Memory-Depth Decoupling: The truncated backprop trick can be applied to any iterative refinement model to control VRAM.
Architecture Agnostic: The framework functions as an "ability plugin" that is orthogonal to the choice of backbone (FNO, ViT, UPT).

Limitations & Future Work¶

The optimal \(K\) must still be determined manually or via scanning; there is no mechanism for input-adaptive \(K\) selection (similar to difficulty-based compute allocation in LLMs).
While experimental results are strong, there is no formal theoretical guarantee for fixed-point convergence.
The plateau position \(K\) varies across tasks, making it difficult to predict the required budget without prior testing.

vs.

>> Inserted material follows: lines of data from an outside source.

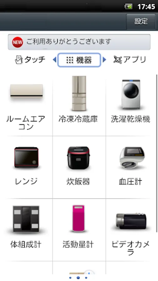 "Touch your smartphone to home appliances. For a smarter life" Panasonic's "touch access method" app for home appliances. Each dedicated app is required to use wireless compatible home appliances.
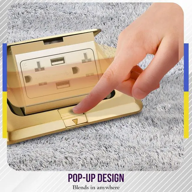 Provides a surface mounted pop-up outlet for commercial or residential locations. Ideal for use in kitchen islands, counter tops, and bathroom vanities
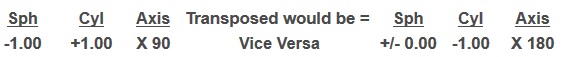 There are a couple different formats to interpret a cylinder reading. A minus (-) cylinder is most commonly written by Optometrist and has become an industry standard from dispensaries to labs. However, Ophthalmologists more often than not use a plus (+) cylinder reading when writing prescriptions. A prescription can generally look completely different, but yield the same visual results considering it is the same prescription, whether it is written as a plus (+) cylinder or minus (-) cylinder (see example below). There is actually a transposition formula (see formula below) to help interpret a prescription as a minus (-) or plus (+) cylinder prescription. Both yielding the same visual effect for a patient and technically both are the same prescription, but just prescribed as a plus or minus to accommodate the doctors preference.
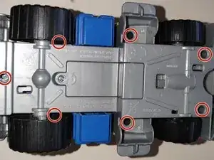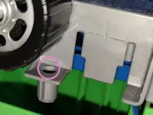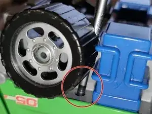 Два винта скрыты под задними колесами. Вам нужно подвести отвертку за колесо к отверстию для винта. Колеса не снимаются.
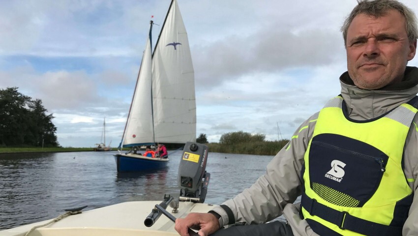 Nach einer Mittagspause an einer der schönen Inseln im Heegermeer, ging es zurück Richtung Heeg. Vor Heeg stellte sich Hayo zu Verfügung, um die geübten Bojen-Manöver mit einer realen Person durchzuführen. Er schien dabei riesigen Spaß zu haben, an die zehn Mal ins Wasser zu springen. Nach dem Abendessen noch einmal gesegelt. Kanalsegeln ohne Motor stand auf dem Programm. Von Heeg über Woudsend zurück nach Heeg waren wir noch einmal 2 ½ Stunden unterwegs. Dabei ging es darum, um die Kurse am Wind und insbesondere Kreuzen in den Kanälen zu üben. Die untergehende Sonne bot dabei eine Kulisse, die gerade in Friesland ein wunderschönes Naturpanorama ist. In der Unterkunft wurden am Abend weitere theoretische Fragen aus dem umfangreichen Kompetenzen Katalog für die Trainer-C Ausbildung zum Thema gemacht.
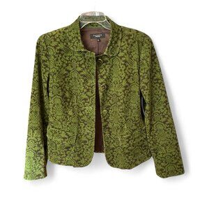 Talbots Green Brown Corduroy Paisley Damask Print Collared Button Blazer Jacket
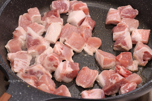 3.フライパンを中火で熱し、豚肩ロースを炒める。
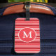 Etiqueta De Bagagem Shades of Red and White Striped Monogrammed
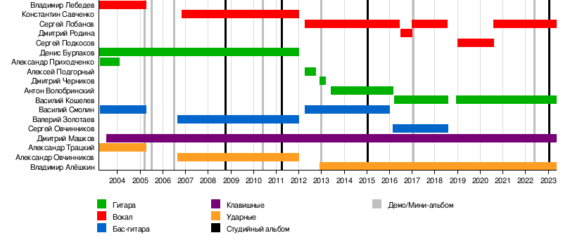 | Сергей Лобанов | вокал | 2012—2016, 2017—2018, с 2020 года | экс-Биоток, ЛобановЪ |
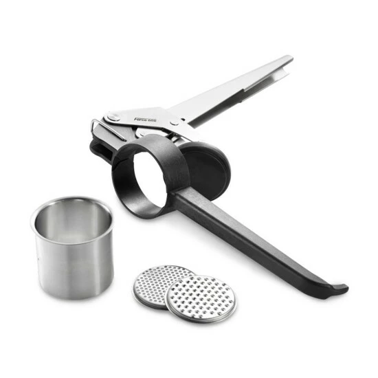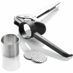 Ergonomische Form für optimale Handhabung. Großes Fassungsvermögen, zerlegbar für leichte Reinigung. Ideal auch als Presse für Obstsäfte, Kartoffelpüree, Spaghetti-Eis etc.

Deep Equilibrium (FNO-DEQ): DEQ solves for fixed points but often oscillates or fails to improve with more iterations. RecurrSim is stable and allows "anytime" extraction of intermediate results.
vs. Diffusion (ACDM / PDE-Refiner): Diffusion methods plateau early and have massive memory footprints. RecurrSim is more parameter/VRAM efficient and scales better to high iterations.
Inspiration: Inherits the "recurrent-depth" concept from LLM research but specializes it for PDE simulation with truncated backprop and fixed-point biases.

Rating¶

Novelty: ⭐⭐⭐⭐ Clean application of recurrent depth as a test-time knob with an appropriate inductive bias for PDEs.
Experimental Thoroughness: ⭐⭐⭐⭐ Extensive benchmarks across 5 datasets and 3 backbones with strong baseline comparisons.
Writing Quality: ⭐⭐⭐⭐ Clear framework with comprehensive pseudo-code and well-explained motivations.
Value: ⭐⭐⭐⭐ Highly practical for AI for Science, offering VRAM efficiency and flexible deployment.